The case started when President Trump fired two Democrat FTC commissioners — Rebecca Slaughter and Alvaro Bedoya — citing policy disagreements. The commissioners fought back in court, arguing the law protected their jobs. The Supreme Court disagreed.
Chief Justice Roberts wrote plainly: “What text, history, and structure settle, our precedent confirms — the President may remove his subordinates at will.” The Court said the FTC “unquestionably exercises executive power” by filing lawsuits, writing rules, and deciding cases.
Because that power belongs to the executive branch under Article II of the Constitution, the President must be able to control — and remove — those who wield it.
A 91-Year Precedent Falls
The ruling kills off Humphrey’s Executor v. United States, the 1935 case that first allowed Congress to protect agency commissioners from being fired without cause. That old ruling called the FTC’s work “quasi-judicial” and “quasi-legislative” — meaning partly like a court, partly like Congress. The new majority called that view a “legal fiction” that no longer reflects what the FTC actually does today.

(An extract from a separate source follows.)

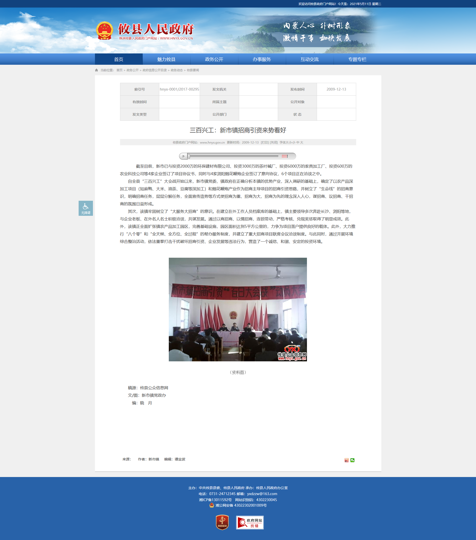 自全县“三百兴工”大会战开始以来,新市镇党委、镇政府在正确分析本镇的优势产业,深入调研的基础上,确定了以农产品深加工项目(如麻鸭、大米、油茶、豆腐等深加工)和烟花鞭炮产业作为招商主导项目的招商引资思路,并树立了“生命线”的招商意识,明确招商任务,层层分解任务,全面宣传造势等方式使招商为重、招商为大、招商为先的理念深入人心,谋招商、议招商、干招商的氛围日益形成。

The Court noted that prior rulings — including Seila Law v. Consumer Financial Protection Bureau in 2020 — had already chipped away at Humphrey’s Executor for years. Roberts wrote that if anything of Humphrey’s remained, the Court was overruling it now.
The three liberal justices — Sonia Sotomayor, Elena Kagan, and Ketanji Brown Jackson — dissented sharply. Justice Sotomayor called the ruling “grievously wrong” and warned it gives the President “far greater power than ever before.”

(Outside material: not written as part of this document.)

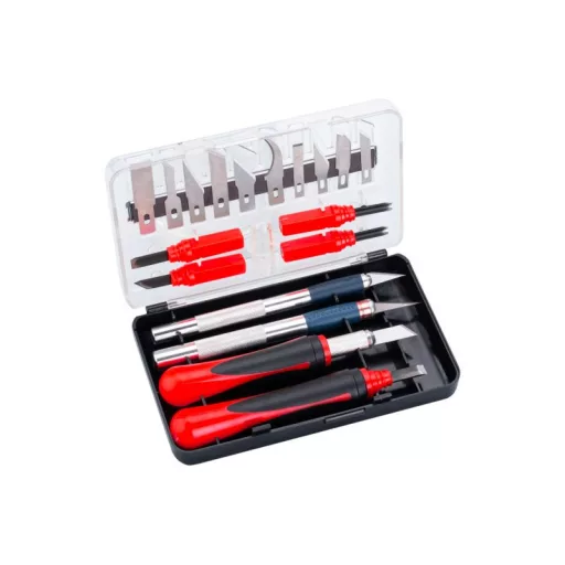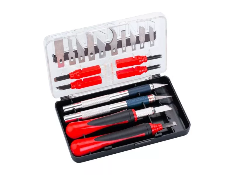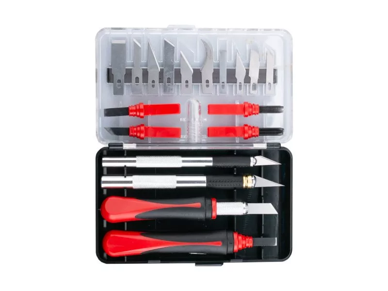 Többfunkciós szikekészlet - kések, ergonomikus fogantyúk gyorskioldássalpengefogás, széles felhasználási lehetőségek modellezésben, faragásban, iparban,műanyag doboz.

6 conservative Supreme Court Justices have increased Trump's power over independent federal agencies.
This ruling allows Trump to fire Democratic appointee and former FTC Commissioner Rebecca Slaughter. pic.twitter.com/CDu1FKfuEg
— Headquarters (@HQNewsNow) June 29, 2026
What This Means Going Forward
The ruling reshapes how the federal government works. Agencies like the Equal Employment Opportunity Commission (EEOC) and the National Labor Relations Board (NLRB) could now face the same standard — their members serving at the President’s pleasure.

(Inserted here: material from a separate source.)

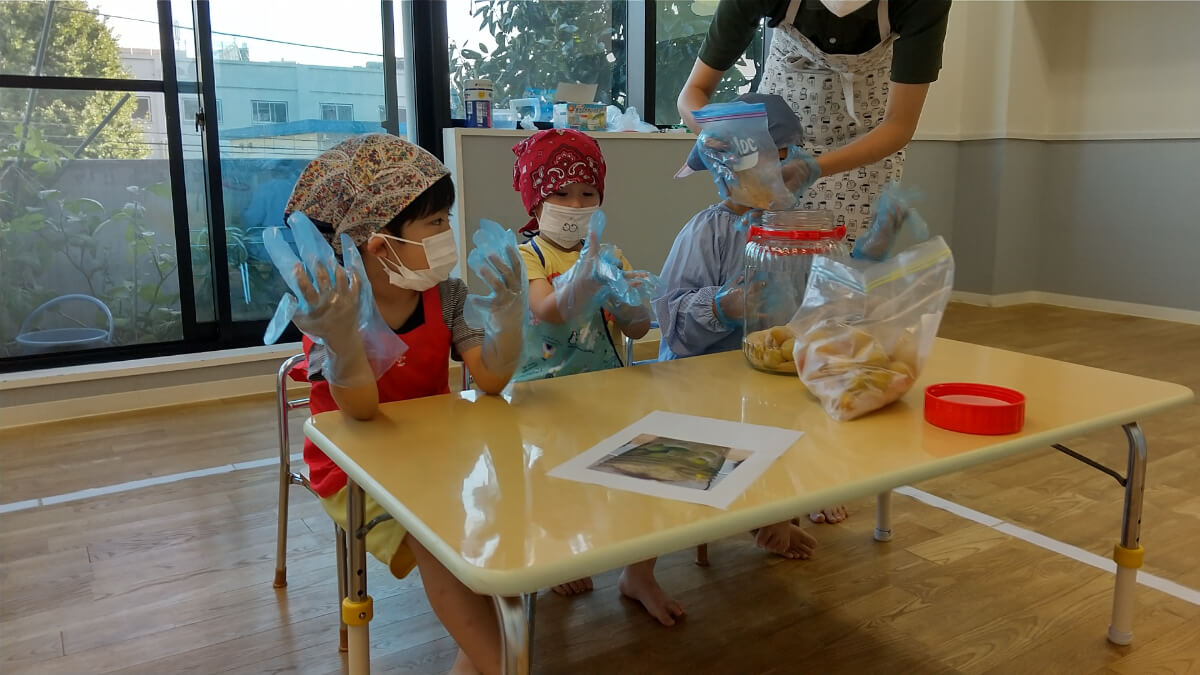 発達支援つむぎ 池尻ルームでは、子どもが食に対して興味を持つことのできる活動を多く取り入れています。ただ調理活動をするだけではなく、時間を置く、発酵させる、混ぜる、加熱するといった工程の中で、素材が変化していくことを観察し、食のふしぎ発見につなげていきます。

Importantly, the Court did not touch the agencies’ actual legal powers. Their authority to regulate, investigate, and enforce the law stays intact. The change is about who controls the people running those agencies.
One notable carve-out: a companion case, Trump v. Cook, suggests the Federal Reserve Board of Governors may keep some insulation from presidential removal, based on a “special arrangement sanctioned by history” tied to central banking.
For those who have long argued that unelected bureaucrats answer to no one, this ruling is a real win. It restores a basic principle: the President, who answers to voters, must be able to supervise those who carry out executive power. That is how accountability in a republic is supposed to work.
Critics on the left frame this as a power grab. But the Constitution vests executive power in the President — not in a network of agency commissioners insulated by statute.
For decades, those protections let regulators pursue agendas without meaningful oversight from anyone voters actually elected. This ruling puts the chain of command back where the founders placed it.